How to use

First time setup - get the code

From the command line:

  git clone --recursive https://github.com/Noura/laughter-properties
  cd laughter-properties
  touch laughter_detection/__init__.py
  touch pywebrtcvad/__init__.py

First time setup - Set up VLC to convert to WAV

You need to make sure all the audio files you want to process are in .wav format, mono, sample rate at 8000, 16000, or 32000, and sample width 2. If you need to convert the audio files to this format, you can use VLC, which you can download for free from here.

In VLC, go to File -> Convert/Stream

Under Choose Profile, choose Custom from the dropdown then press the button Customize...

In the popup menu, under Encapsulation choose WAV under Audio codec choose Codec: WAV, Channels: 1, Samplerate: 8000

Click Save as new Profile..., I suggest naming it something descriptive like wav mono sr8000.

Now every time you want to convert a file you can choose this profile.

Every time usage

Convert files to .wav format

Make sure all the audio files to .wav format. If needed you can conver them with VLC.

Launch VLC, go to File -> Convert/Stream.

Add the audio file you want to convert.

Under Choose Profile, choose wav mono sr8000 or whatever you named your custom profile.

Choose an output destination and name for the .wav file.

Organize the files

Put all the .wav files that you want to have processed together in the same folder. We'll refer to this folder as input_directory

Run the script

Launch a terminal session in the folder laughter-properties

From the command line:

  python process_laughs.py <dir> <threshold> <aggressivness>

Where input_directory is the absolute path of the folder containing the .wav files, and your results will go here too

<threshold> adjusts the minimum probability threshold for classifying a frame as laughter.
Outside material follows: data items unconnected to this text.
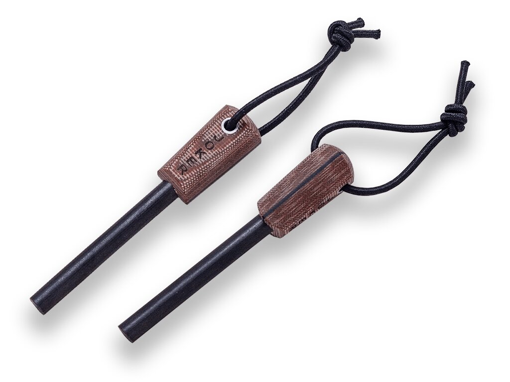 S rukoväťou z materiálu Micarta hnedej farby. S dĺžkou 10 cm a vybavené malou šnúrkou na zavesenie.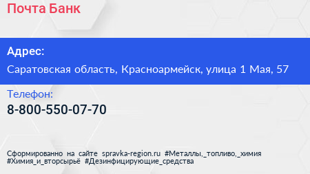 Почта Банк по адресу Саратовская область, Красноармейск, улица 1 Мая, 57 в дальнейшем Организация, размещена в следующих категориях: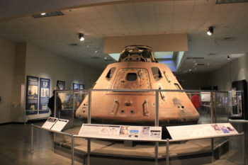 アポロ宇宙船、ジェミニ宇宙船の実物大模型、宇宙服、NASAのスペースシャトル訓練コックピットなど、航空から宇宙への挑戦も体感できます。

The default is 0.5, but you can experiment with settings between 0 and 1 to see what works best for your data. Lower threshold values may give more false positives but may also recover a higher percentage of laughs from your file. (quoted from detection/README.md)

<aggressiveness> parameter adjusts the voice extraction. It is an integer between 0 and 3. 0 is the least aggressive about filtering out non-speech, 3 is the most aggressive. (quoted from pywebrtcvad/README.rst)

View the results

Navigate to input_directory and open results.txt

"relative loudness" is roughly the loudness of the laughter snippet divided by the average loudness of the whole audio recording. So, this tries to take care of the differences in overall loudness of different audio recordings.